All Strangers Are Kin
Page 18
As we neared the dropoff point in Beirut, Sahar reappeared, putting a commanding hand on my shoulder. “You come with me in a taxi,” she said.
“No, no, she’s in Hamra,” a man I didn’t know piped up. “I’ll take her.” Everyone on the bus was mobilizing, zipping zippers, setting bags on laps, jiggling a phone in one hand and car keys in the other. As soon as the bus pulled in, the man steered me to his car. I had only a second to tell Samira I was happy to meet her, but Sahar was consumed in the scrum grabbing suitcases from under the bus.

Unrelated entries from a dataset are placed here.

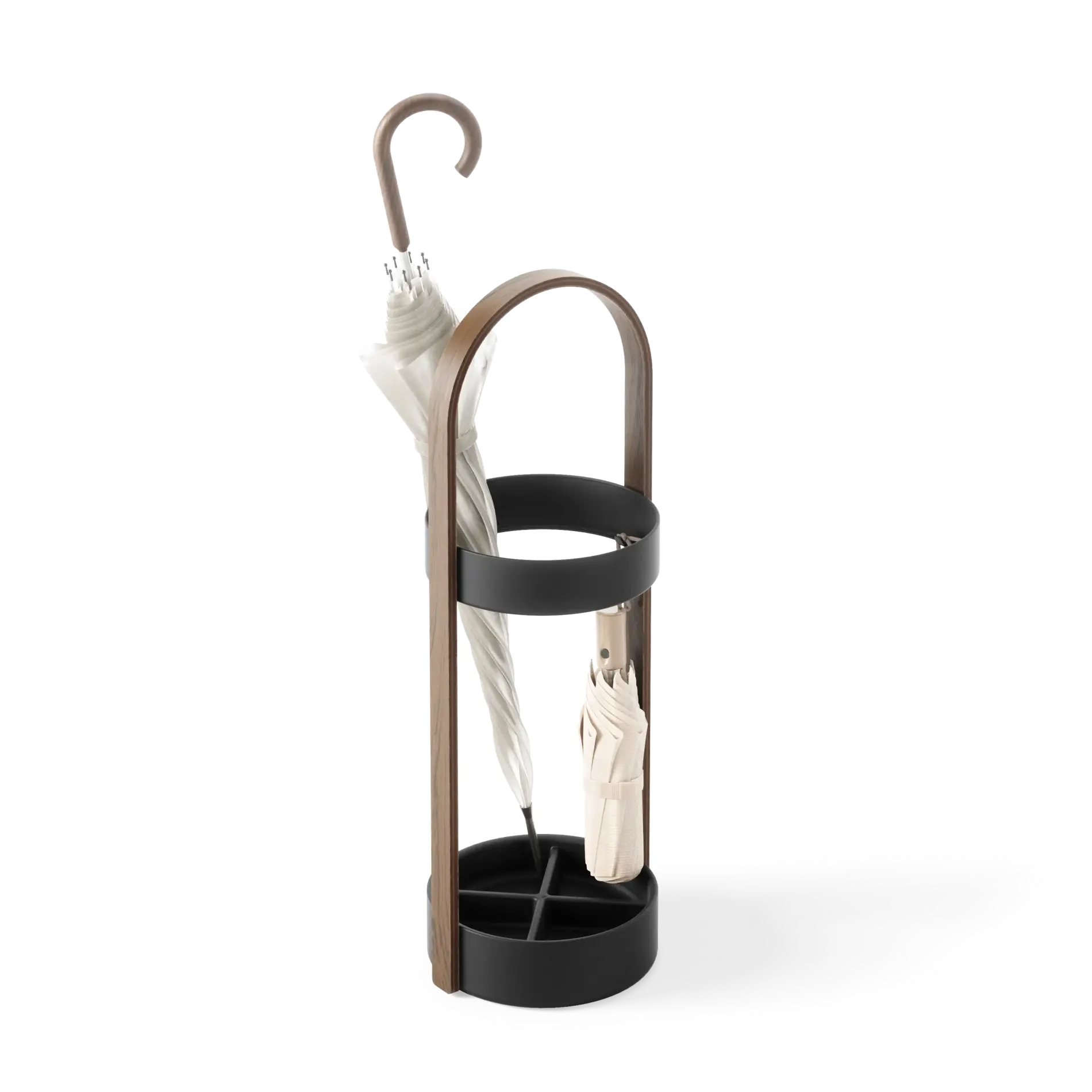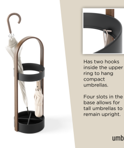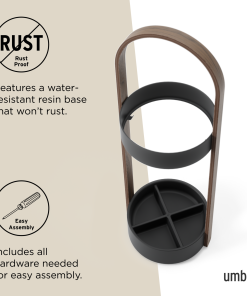 The Bellwood Umbrella Stand is durable as it is stylish thanks to its beautiful and shape and resin base, which is water-resistant and prevents rusting. Featuring a round base and a curved wood veneer handle with an upper ring made of steel. This piece is easy to assemble and includes all hardware. Its slots will hold your tall umbrellas with ease and its tiny hooks on the top of the ring will hold your more compact, short umbrellas. Measuring 8.63 x 9.63 x 26.88 inches (22 x 24 x 68 cm) this stylish piece will fit neatly into many different spaces and styles of décor. Sourced from renewable wood sources. Wood is a unique natural material with variations in tone, texture, and grain. The product may vary from our imagery. ⓘ For Best Care: wipe with a clean damp cloth
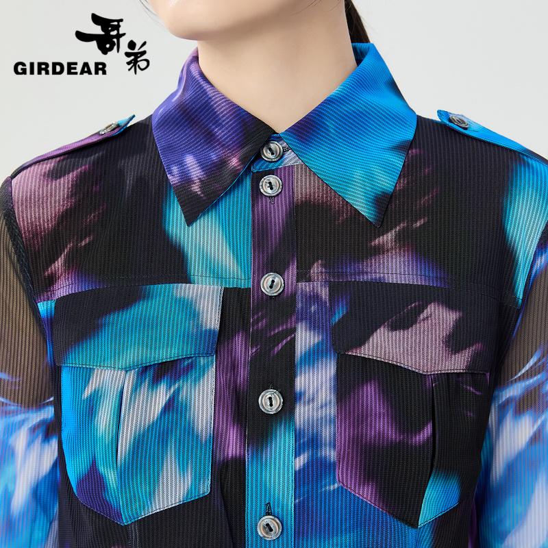 哥弟 夹克式丝网纱长袖衬衫1301009
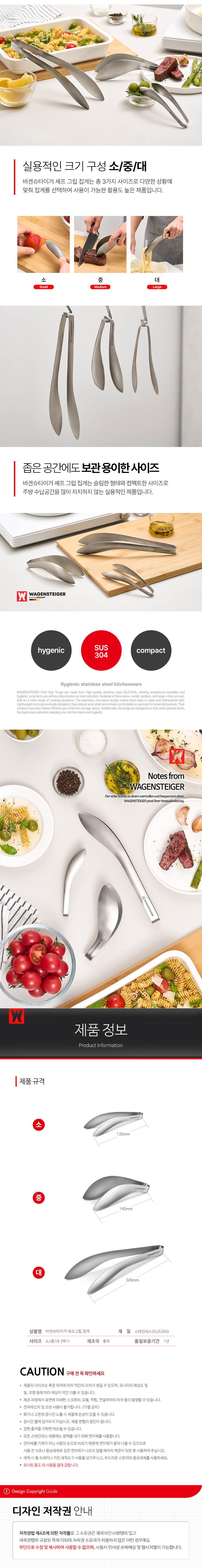 바겐슈타이거 스텐 304 셰프그립 집게 대
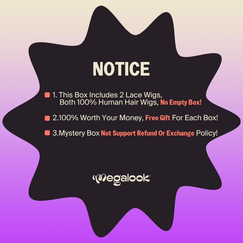 Megalook Mystery Box $169 Get 2 Different Lace Wigs 12-24Inch Human Hair Ship Randomly
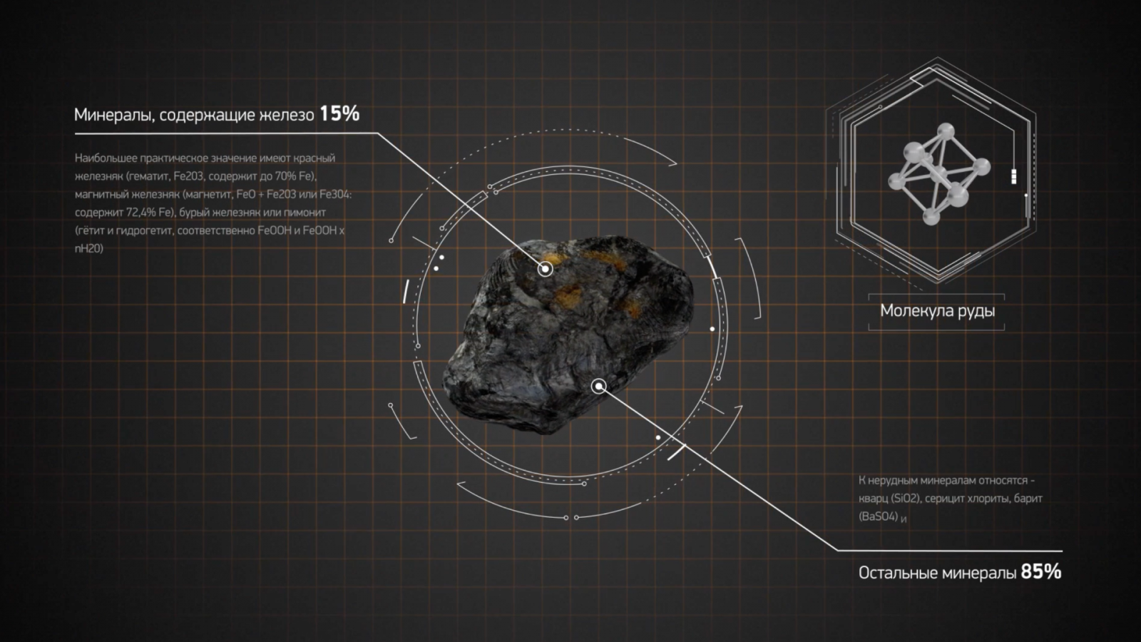Ролик поделен на четкие разделы в соответствии с этапностью процесса производства руды. Такая простая логика и поясняющие титры помогают удержать внимание зрителя на сложном контенте.
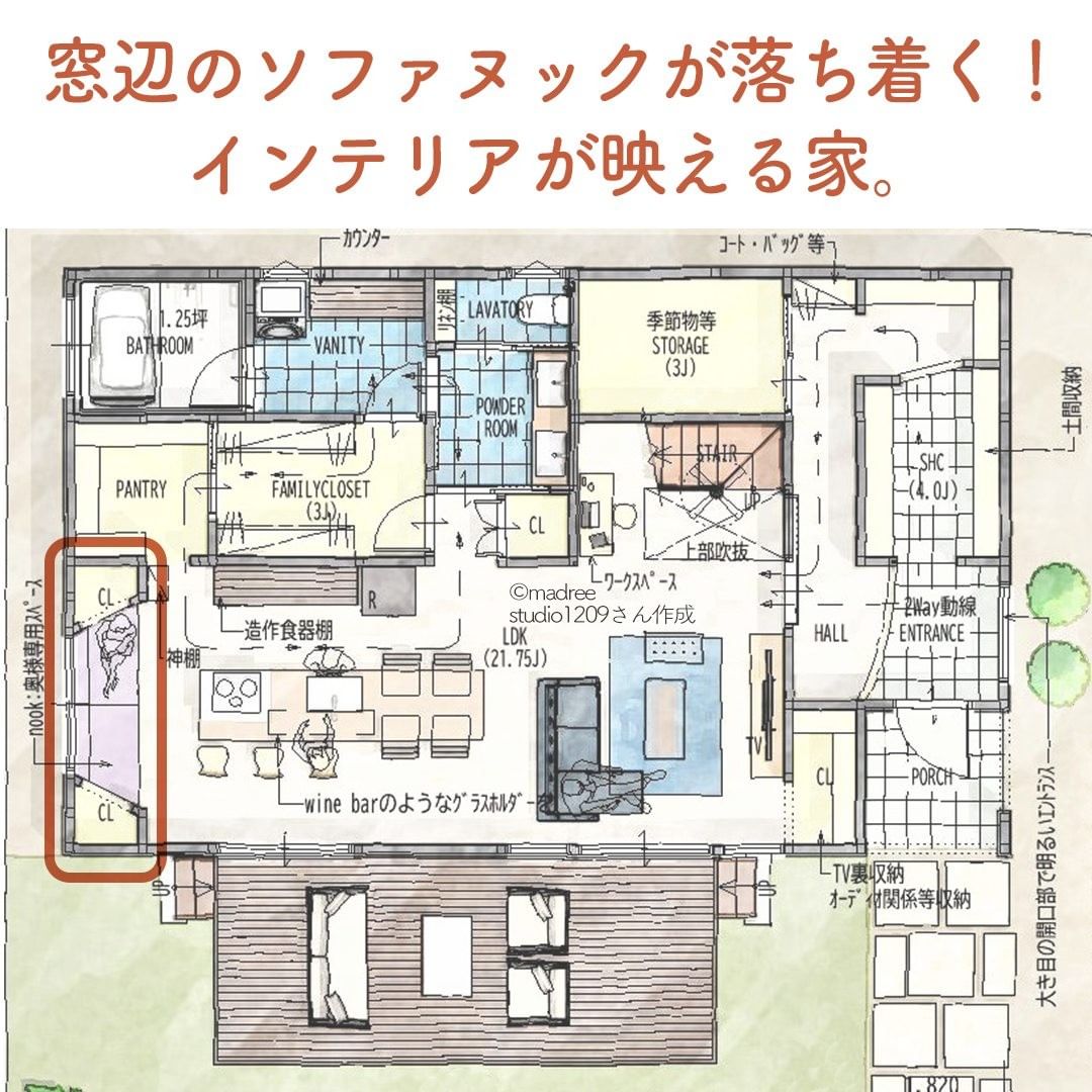 madree(マドリー)は、建築家さんの間取りを含むあなただけの家づくりマイホームプランをご提案しています。今回は「窓辺のソファヌックが落ち着く!インテリアが映える家。」をご紹介します。

The man’s name was Ibrahim. He was a young doctor at the hospital next door to my apartment, fresh out of medical school in Houston. His mother called twice as we drove, and her panicked squawk filled the car. Ibrahim resolutely kept our conversation on small talk. What did I think of this country?
“Lebanon reminds me of Greece,” I said. My cheery answer landed awkwardly in the dark. “Everyone may live in the city, but their hearts are really in their villages. They’re all so proud of which village they’re from.”

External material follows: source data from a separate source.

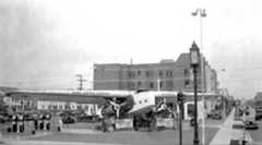 | (1936)*- You could gas up your car beneath the wings of a grounded airplane at Bob’s Air Mail Service Station on the NW corner of Wilshire Blvd. and Cochran Ave. |
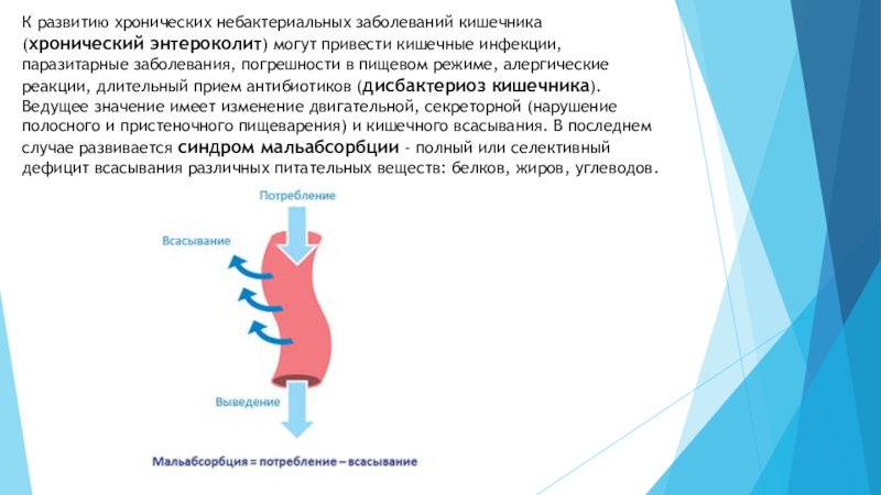Слайд 11К развитию хронических небактериальных заболеваний кишечника (хронический энтероколит) могут привести кишечные
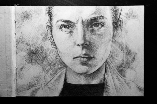 I’m not partial to celebrity portraits but sometimes I see someone and really want to draw them. I am a huge fan of the actress Ruth Wilson. All of her work moves me on a deep level so I felt like I wanted to pay tribute to her in a drawing. I think I mostly captured the likeness although, if I’m honest, I would have liked to nail it a tiny bit more but I’m satisfied with as far as I got with it. Click to see entire image.Staedtler graphite pencils, sketchbook.
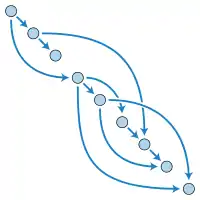 A graph is formed by vertices and by edges connecting pairs of vertices, where the vertices can be any kind of object that is connected in pairs by edges. In the case of a directed graph, each edge has an orientation, from one vertex to another vertex. A path in a directed graph is a sequence of edges having the property that the ending vertex of each edge in the sequence is the same as the starting vertex of the next edge in the sequence; a path forms a cycle if the starting vertex of its first edge equals the ending vertex of its last edge. A directed acyclic graph is a directed graph that has no cycles.[1][2][3]
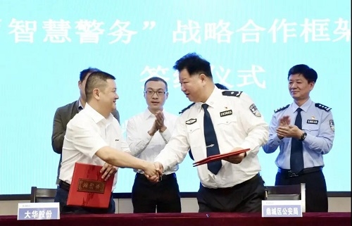 近日,湖南省常德市鼎城区公安局(以下简称鼎城公安)与大华股份签署战略合作协议,双方携手打造先进的智慧警务示范样板,为平安鼎城、智慧鼎城做出贡献。鼎城区委常委、区人民政府常务副区长李卫民,区委常委、政法委书记瞿政前,大华股份副总裁江小来等受邀出席签约仪式;区人民政府副区长、公安局长洪振坤与大华股份国内营销中心湖南区域总经理黄河代表双方正式签署合作协议。
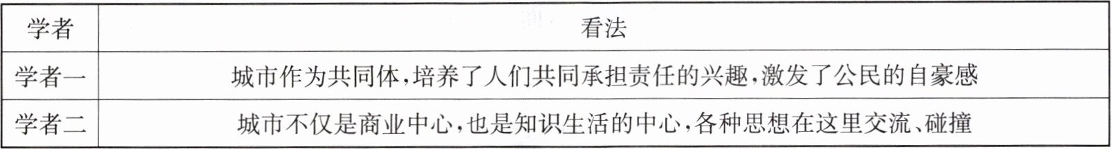 B 解析:表格内容“培养了人们共同承担责任的兴趣,激发了公民的自豪感”“城市不仅是商业中心,也是知识生活的中心,各种思想在这里交流、碰撞”反映的是西欧城市复兴的影响。

We drove on in silence. The streets were empty.
“I know I’m not supposed to ask where people are from,” Ibrahim finally said. “But as a doctor, I feel it’s important information for knowing my patient.”
Oh. I hadn’t known you weren’t supposed to ask. Not only was it Arabic 101 basics to ask where someone was from, but all the Lebanese people I had ever met before this trip—and there had been many, as Lebanese have emigrated all over the world—bragged nonstop about their villages. The most beautiful views, the freshest air, the most pungent herbs! But they were all Lebanese living outside of Lebanon, often for generations. Inside this country, so carved up by religion and politics, I was learning, the rules were different. This wasn’t a simple case of urbanites wanting to shake off country ancestry, as in Dubai. In Beirut, the question “Where are you from?” was really asking “What side are you on?”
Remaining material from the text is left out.